Wenn die Dorsche eh auf Grundfutter stehen, lohnt sich eine eher passive Führung und das ziemlich grundnah, sind sie am jagen ist ein kleiner Solopilker, den man aktiv und hoch vom Grund weg bewegt meistens Trumpf.


----------



## Tyron (29. Januar 2005)

*AW: Welche Farbe auf Dorsch?*

ich bin auch der meinung, dass die führung des pilkers viel wichtiger als die farbe ist. Ich fische zur genannten Zeit (März) oft Pilker im Herings-Dekor! Schockerfarben können aber gauso gut fangen!

Gruß tyron


----------



## Bellyboatangler (29. Januar 2005)

*AW: Welche Farbe auf Dorsch?*

Ich frage mich nur immer wieso Fische ein Seitenlinienorgan haben. Brauchen sie ja nicht.
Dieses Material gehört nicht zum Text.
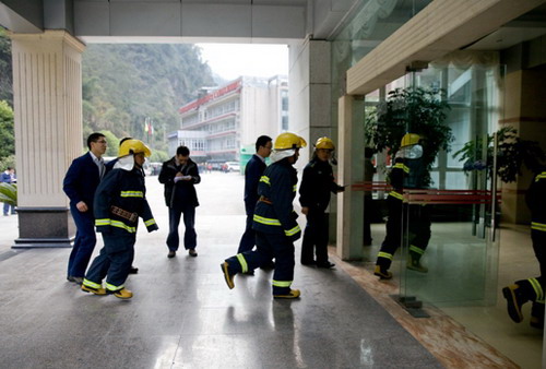 情況緊急,值班人員接到報(bào)警后立即向火災(zāi)事故應(yīng)急辦公室技術(shù)與安全部負(fù)責(zé)人報(bào)告,爾后又層層向公司現(xiàn)場(chǎng)值班領(lǐng)導(dǎo)、公司總經(jīng)理報(bào)告??偨?jīng)理指示立即成立火災(zāi)事故應(yīng)急救援指揮部,現(xiàn)場(chǎng)由熊宇負(fù)責(zé)指揮。按總指揮要求,現(xiàn)場(chǎng)指揮長(zhǎng)命令:拉響警報(bào)器,啟動(dòng)火災(zāi)事故二級(jí)應(yīng)急響應(yīng),疏散組快速組織接待中心大樓人員安全撤離,滅火行動(dòng)組立即組織兼職消防隊(duì)員、義務(wù)消防隊(duì)員投入滅火戰(zhàn)斗......一道道緊急命令從指揮部發(fā)出,各應(yīng)急救援小組快速集結(jié),按公司火災(zāi)事故應(yīng)急預(yù)案有序開(kāi)展救援行動(dòng)。

Sie sehen ja die Farben |kopfkrat 

Fischt so leicht wie Moeglich mit bisschen Bewegung und jede Farbe faengt


----------



## Adrian* (29. Januar 2005)

*AW: Welche Farbe auf Dorsch?*

knallrot....


----------



## Gelöschtes Mitglied 3879 (30. Januar 2005)

*AW: Welche Farbe auf Dorsch?*

also beim wechsel der pilkerfarben untereinander ging das spielchen genau andersrum,der der vorher fing,hatte kaum noch fisch!!!!soviel zum thema!!!!!!

das muss natürlich nich immer so sein,es gibt genug tage wo mehrere farben knallen!!!
die farbwahl ist eigentlich nur relevant,wenn wenig dorsch kommt(unter 15stück am tag pro mann)!
wenns beisst heist es nur hell oder dunkel,und ein kontrast am köder,wie es thomas9904 gesagt hat,sollte auch da sein!!!ist im schwarm sowieso egal
wenns gut beisst hol ich die alten und schweren pilker(ab 80gramm) raus,damit ich als erster unten bin,dann fängste am besten und ein abriss ist zu verschmerzen!!!
 @fisher-man
jo da isse bei,333,301,208,334,das sind meine farben,aber nich da bestellen,gibbet günstiger!!!!!glaube bei kubiak oder direkt von wuttke,hab ich auch gemacht,musste dir nur jemanden mit nem gewerbeschein organisieren!!!wuttke macht keinen privatverkauf!!!


----------



## Torsk_SH (30. Januar 2005)

*AW: Welche Farbe auf Dorsch?*

Hi Boardies!

Bei meiner letzten Ausfahrt (MS Kehrheim2) im November waren wir eine Gruppe von 7 Anglern/innen. Unsere Techniken waren fast alle gleich da wir alle den selben Lehrer hatten.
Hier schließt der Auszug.